Malgré cette difficulté princeps, elle s’empare au fur et à mesure du vocabulaire approprié et devient de plus en plus précise dans ses explicitations. Il semble que le passage à l’écrit l’ait beaucoup aidée, car c’est un moyen d’expression dans lequel elle se sent plus à l’aise. A la séance 4, elle devient en mesure de décrire précisément une illustration en utilisant un vocabulaire adapté et précis : "Il y a au 1er plan une maison, puis au 2ème plan il y a un chat avec un garçon à sa gauche".

Toujours en lien avec cette aisance à l’écrit, elle consigne les activités en fin de séance avec un style est clair et concis : "On a fait un exercice très bien qui consiste à mettre les pions à la bonne place"

(Séance 2), " On a parlé des pays et des orientations (nord, sud, est, ouest)" (Séance 5).

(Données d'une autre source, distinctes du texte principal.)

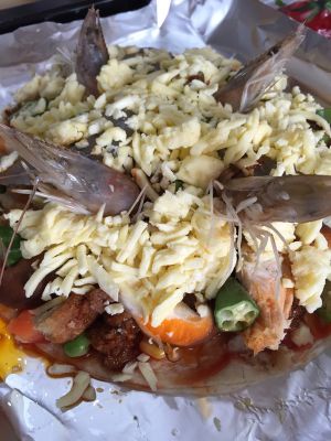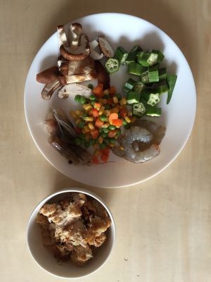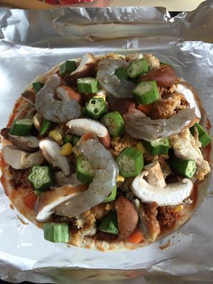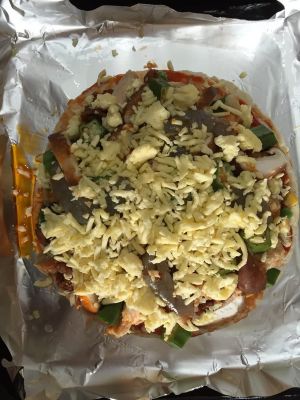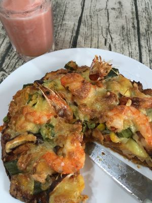 逐层码好,先涂一层番茄酱,摆田园杂菜(玉米胡萝卜青豌豆),牛肉末,鸡肉,香菇,秋葵,明虾,马苏里拉奶酪可以夹杂在其中几层,或懒人摆在最上一层。
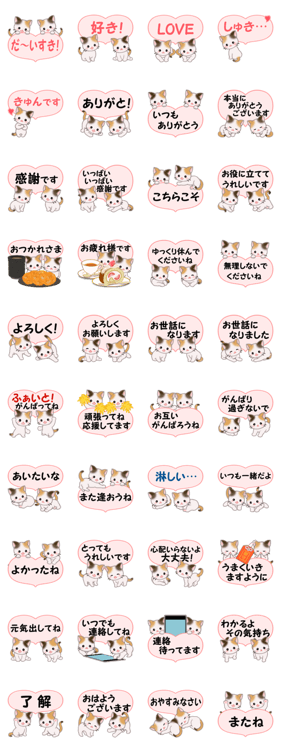 ハート伝える 三毛猫ツインズ スタンプ画像一覧
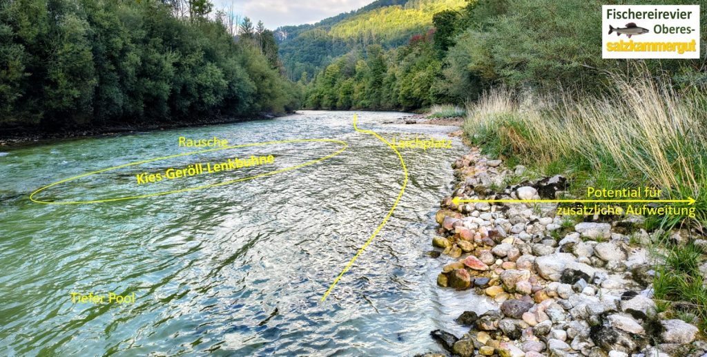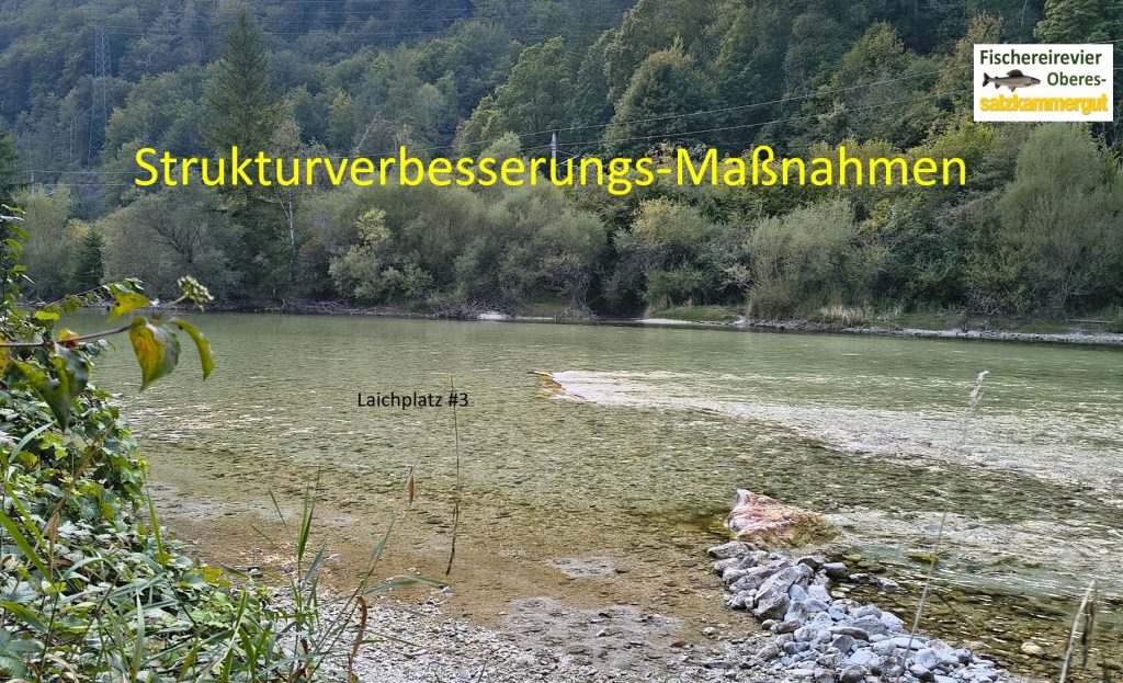 Laichplatzschüttung: Ev. Zugabe von Kies in der geeigneten Korngröße für die lokale Fischfauna zur kurzfristigen Schaffung von Laichplätzen. Wobei wie sich gezeigt hat, dass an der Oberen Traun zumeist die richtige Körnung unter einer Grobstein-Schicht vorhanden ist und nur durch einen zu geringen Gewässerquerschnitt und zu strakte Strömung, nur diese oben liegen bleiben. Bei unseren Laichplatzverbesserungsmaßnahmen konnten wir erste gute Erfahrung mit „Kies-Geröll-Lenkbuhne“ schaffen.
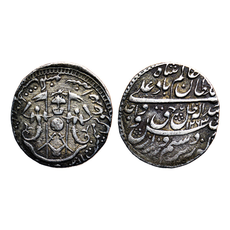 Gwalior, Silver Rupee, 10.71gm, Jean Baptiste Filose, Shadhora or Sabalgarh Mint, in the name of Shah Alam II, RY 34, battle axe and sword on rev. S.Bhandare JONS 198.
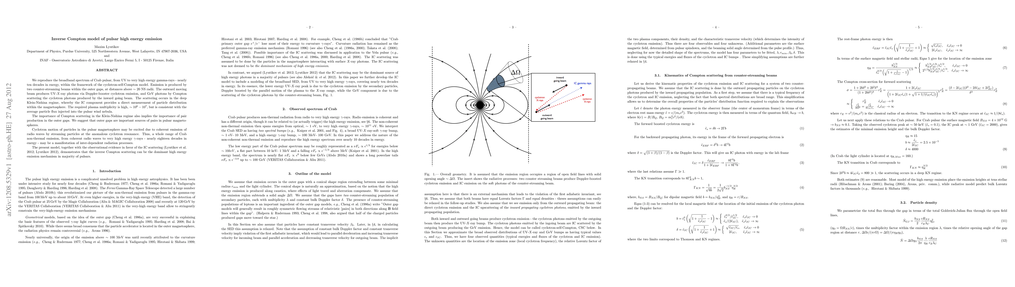 We reproduce the broadband spectrum of Crab pulsar, from UV to very high energy gamma-rays - nearly ten decades in energy, within the framework of the cyclotron-self-Compton model. Emission is produced by two counter-streaming beams within the outer gaps, at distances above $\sim$ 20 NS radii. The outward moving beam produces UV-$X$-ray photons via Doppler-booster cyclotron emission, and GeV photons by Compton scattering the cyclotron photons produced by the inward going beam. The scattering occurs in the deep Klein-Nishina regime, whereby the IC component provides a direct measurement of particle distribution within the magnetosphere. The required plasma multiplicity is high, $\sim 10^6-10^7$, but is consistent with the average particle flux injected into the pulsar wind nebula. The importance of Compton scattering in the Klein-Nishina regime also implies the importance of pair production in the outer gaps. We suggest that outer gaps are important sources of pairs in pulsar magnetospheres. Cyclotron motion of particles in the pulsar magnetosphere may be excited due to coherent emission of radio waves by streaming particles at the anomalous cyclotron resonance. Thus, a whole range of Crab non-thermal emission, from coherent radio waves to very high energy $\gamma$-rays - nearly eighteen decades in energy - may be a manifestation of inter-dependent radiation processes. The present model, together with the observational evidence in favor of the IC scattering (Lyutikov et al. 2012; Lyutikov 2012), demonstrates that the inverse Compton scattering can be the dominant high energy emission mechanism in majority of pulsars.
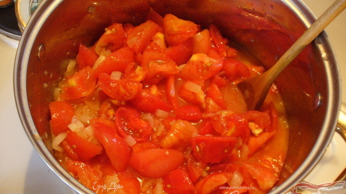 В кастрюле разогреть масло, обжарить до прозрачности лук с чесноком, отправить туда же помидоры. Перемешать, посолить, поперчить, кинуть базилик. Закрыть крышкой и тушить на маленьком огне минут 20. - Шаг 4
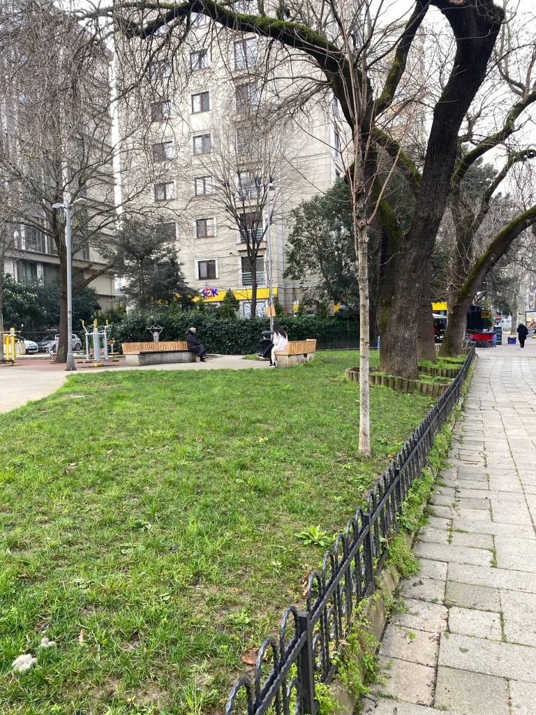 Parkın yeşilliklerini gördüm.. ilerdeki park banklarına karşılıklı oturmuş iki kadın mutlu mesut duruyorlardı.. biri, genç olanı telefonuna dalıp gitmişti.. siyahlı kadın uzaklara bakıyor, birilerini veya birini bekliyordu.. hemen yanındaki markette de yeni gelmiş meyve sebzeyi dizen elinde sigara kabadayı kılıklı zayıfça adam vardı…

A la dernière séance, nous avons travaillé avec les élèves à un niveau plus métacognitif, notamment en leur demandant quelles stratégies ils utilisaient lorsqu’ils révisaient un contrôle. D. a été l’une des premières à expliciter la manière dont elle procédait : "Je lis dans ma tête et après j’écris, comme ça je me rappelle ce que j’ai écrit". Cela montre bien comment le passage à l’écrit lui permet de se saisir du langage comme outil de pensée.